Despite the economic slump, “the caliber of the district was maintained when a lot of districts struggled to succeed,” said Allen.

“That took some strategic thinking,” he said. “We had to make difficult choices, sometimes with tough opposition.”

While Allen got his start as an education advocate, he said he hopes to bring what he’s learned from his eight years on the School Board, which oversees the District’s $120 million budget, to tackle a wider range of issues on an even bigger stage.

“I grew up hiking in the Santa Monica Mountains and swimming in the Santa Monica Bay,” said Allen. “Preserving those natural resources would be an important part of my work.”

State Senate District 26, which Allen hopes to represent, stretches along the coast from Palos Verdes to the Santa Monica Mountains and east to West Hollywood and Beverly Hills.

Allen said he wants to work to bring L.A.’s public transit system up to modern standards. He wants to push for better early childhood education as a way to address the achievement gap, which he sees as one of the root-causes of poverty.

He also wants to work with local businesses to help grow the job market.

“I’m proud that I have a good relationship with the Chamber of Commerce,” he said. “I’m a progressive Democrat who cares deeply about working with business to create good jobs for our community.

“It’s a matter of being able to listen to and engage with business leaders,” he said. “What are the things they would like to see out of government that would help them create new jobs?”

It’s also about looking to businesses to be partners in advancing social causes, Allen said.

“A growing economy helps people from all socioeconomic backgrounds,” he said.
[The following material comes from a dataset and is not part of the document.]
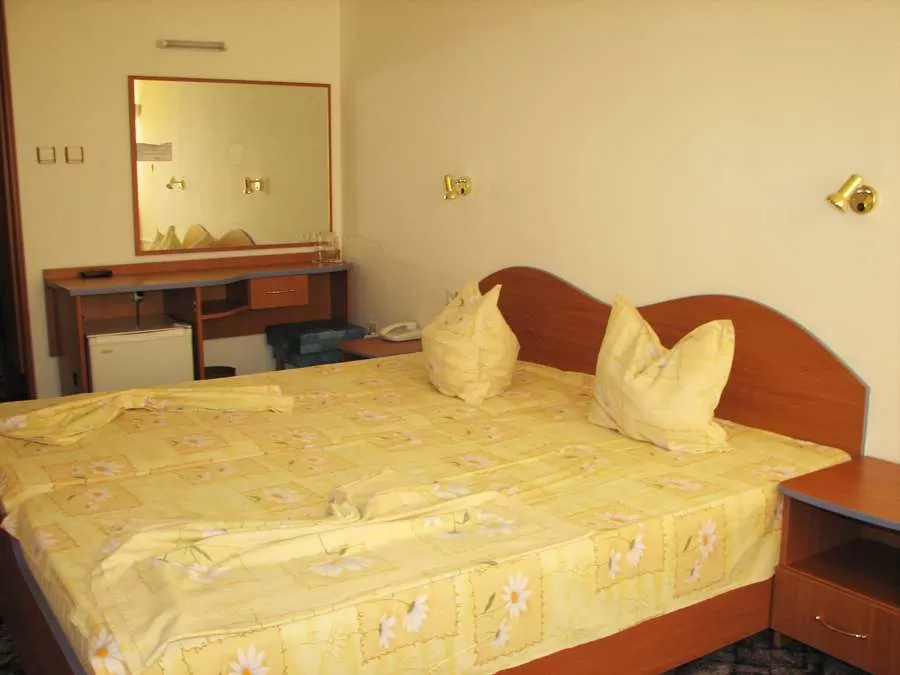 85 номеров с кондиционером и 3 апартамента, ресторан, просторный фойе, лобби-бар. Поблизости открытый бассейн с минеральной водой, спортивный центр, казино и бар-варьете "Шипка", дискотеки. На пляже - водные лыжи, водные мотоциклы, парашюты, яхт-клуб. К Вашим услугам сейф, информация, обмен валюты, аренда автомобилей паркинг, стоянка такси. В фойе спутниковое телевидение.($)

In 2010, Allen spearheaded the expansion of the nonprofit Spark Program into Los Angeles. Spark LA, he said, is about “bringing in businesses to help mentor kids.

The nonprofit connects about 250 at-risk middle school students annually with apprenticeships in the city’s industries.

“At the heart of all of it is how do we preserve the quality of life of the beach cities,” he said.

Many political observers originally thought that Allen, who graduated from Santa Monica High School in 1996, would make a bid in 2014 for City Council with rumors that its longest-serving member may step down this year.

But with SD 26’s current representative, Ted Lieu, stepping down to run for Congress, Allen announced Saturday that he would seek Lieu’s seat.

That relieved some in Santa Monica who were concerned that, as a council member, Allen wouldn’t be able to vote on the development agreement for the controversial $255 overhaul of the Fairmont Miramar Hotel.

Richardson & Patel LLP, the law firm for which Allen works, does legal work for the Miramar’s neighbor -- and vocal opponent of the project -- the Huntley Hotel.

While Allen’s firm has not been lead counsel in the Huntley Hotel’s campaign against its neighbor’s plan to build a 320-foot tower on its property, Allen would likely have had to recuse himself, effectively leaving the Council with a 3-to-3 split on the project.

Allen will square off in the June 3 primary against three other candidates, all of whom have sought the Democratic Party nomination.

Former State legislator Betsy Butler, who lost her 2012 bid to represent State Assembly District 50 to former Santa Monica mayor Richard Bloom, is in the running. So is Sandra Fluke, a women’s rights activist who moved to California after she graduated from Georgetown University Law Center in 2012.

Vito Imbasciani, a surgeon for the California Army National Guard, announced last week that he would run for the seat.

The Democratic Party will announce its nomination in March.